The dataset directory structure is this

data
--test
---image         #directory containing test images
--train
---image         #directory containing train images
---segmentation  #direcory containing train segmentation(masks)

Now, we'll load the dataset using Pytorch dataset class and create dataloaders for predicting the pixels

In [7]:

class SemanticSegmentationDataset(Dataset):

  """
  Creates a segmentation dataset with options to maugmentations
  """

  def __init__(self,  
               img_directory = None, 
               label_directory = None,
               mode = 'train',
               augmentation=None,
               preprocessing = None

               ):
    self.img_directory = img_directory
    self.label_directory = label_directory

    if img_directory is not None:
      self.img_list = natsorted(os.listdir(img_directory))
      self.label_list = natsorted(os.listdir(label_directory))
    
    self.mode = mode
    self.labels = list(range(0, 25)) #we have over 23 classes
    self.augmentation = augmentation
    self.preprocessing = preprocessing
  
  def __len__(self):
    return len(self.img_list)
  
  def __getitem__(self, idx):
    image = Image.open(os.path.join(self.img_directory, self.img_list[idx]))
    image = image.convert('L') #converts to grayscale


    if self.mode == 'train' or self.mode == 'val':
          mask = Image.open(os.path.join(self.label_directory, self.label_list[idx]))

          image = np.array(image, dtype=np.float32)
          mask = np.array(mask, dtype=np.float32)

          image = image[np.newaxis, :, :]
          image = torch.from_numpy(image)
          image = image.float()/255

          binary_mask = np.array([(mask == v) for v in list(self.labels)])
          binary_mask = np.stack(binary_mask, axis=-1).astype('float')

          mask_preprocessed = binary_mask.transpose(2, 0, 1)
          mask_preprocessed = torch.from_numpy(mask_preprocessed)

          #apply augmentation
          if self.augmentation:
            sample = self.augmentation(image=image, mask=mask_preprocessed)
            image, mask_preprocessed = sample['image'], sample['mask']

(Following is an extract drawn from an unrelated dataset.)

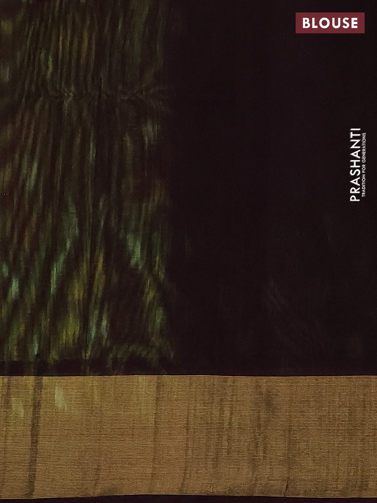 Ikat silk cotton saree green and wine shade with allover ikat weaves and zari woven border
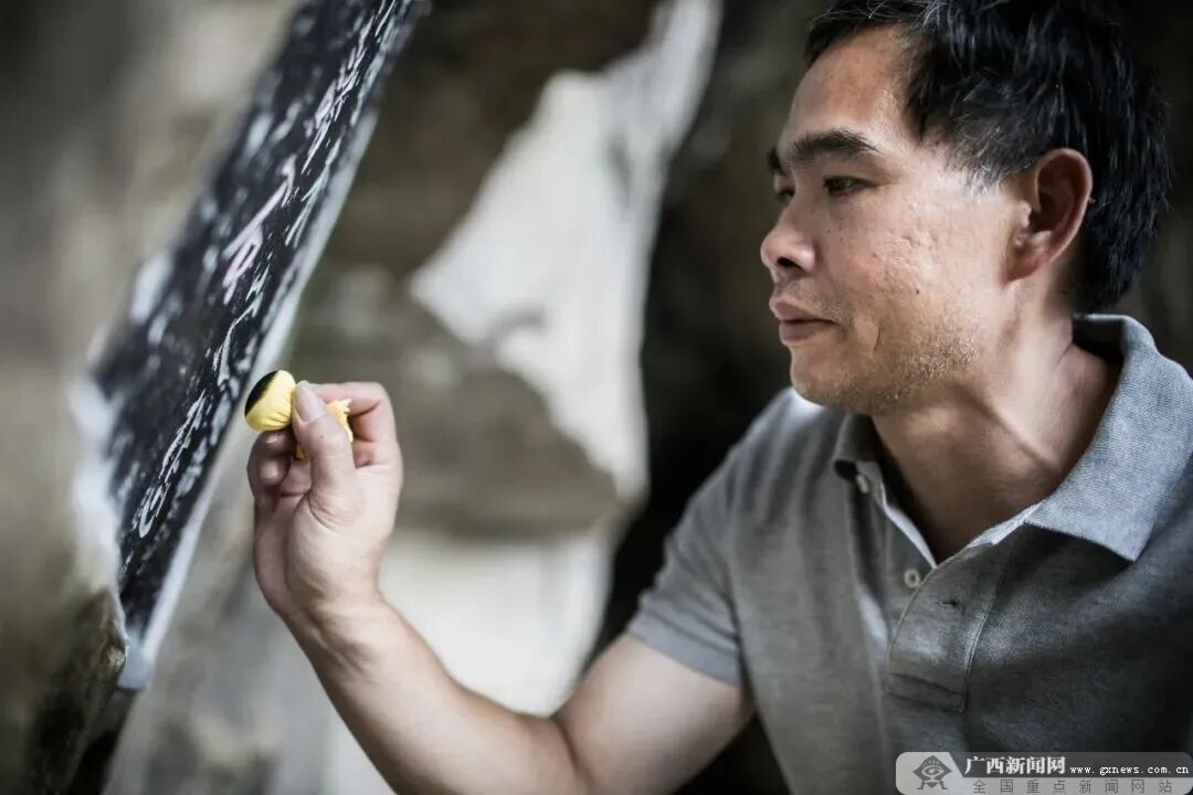工作中的韦可祥。图源桂海碑林博物馆 为了做好这份工作,他在实践中摸索出了一套适用于石灰岩石刻的传拓技法。随着老一辈传拓师傅们陆续退休,传拓工作的重任落到了韦可祥的肩上。他告诉记者:“桂林石刻传拓技艺历经几代人努力探索,手工传拓采集拓片,仍然是完整保存石刻历史信息不可替代的方式。” 2012年,韦可祥参加国家图书馆举办的传拓技艺交流会,其间与“大国工匠”李仁清就高浮雕摩崖石刻采拓技术进行了深入交流。回到桂林后,他便着手对桂林摩崖造像进行系统化拓片采集,填补了桂林摩崖石刻造像没有拓片的空白。 桂海碑林博物馆馆员刘清华告诉记者,尽管摩崖石刻保护工作不断取得突破,但从长远来看,仍面临着“资金投入不足、公众认知度低、专业人才匮乏”等问题。韦可祥也表示,“人才培养周期长,是拓印技艺传承面临的主要困境。因为每块摩崖石刻都不一样,必须积累足够的经验,才能做好这份工作。”

          #apply preprocessing
          if self.preprocessing:
            sample = self.preprocessing(image=image, mask=mask_preprocessed)
            image, mask_preprocessed = sample['image'], sample['mask']
            

          return image, mask_preprocessed

    else:
          image = np.array(image, dtype=np.float32)
          image = image[np.newaxis, :, :]
          image = torch.from_numpy(image)
          image = image.float()/255
          return image

Model Architecture¶

There are many different types of architectures, that can be used for training segmentation models.

The main popular architectures are,

Unet
Unet++
FPN
MAnet
Linknet
PSPNet
PAN
DeepLabV3
DeepLabV3+

These architectures are also available in segmentation models pytorch toolkit. For this tutorial, we will focus only on UNET.

As you can notice from the above figure, the architecture is in the U shape. The left block is called as an Encoder block and the right block is considered as decoder block.

The encoder is mostly a CNN, which extracts meaningful feature map from an input image, also it doubles the number of channels in each step and downsample the image, i.e reduce the height and width.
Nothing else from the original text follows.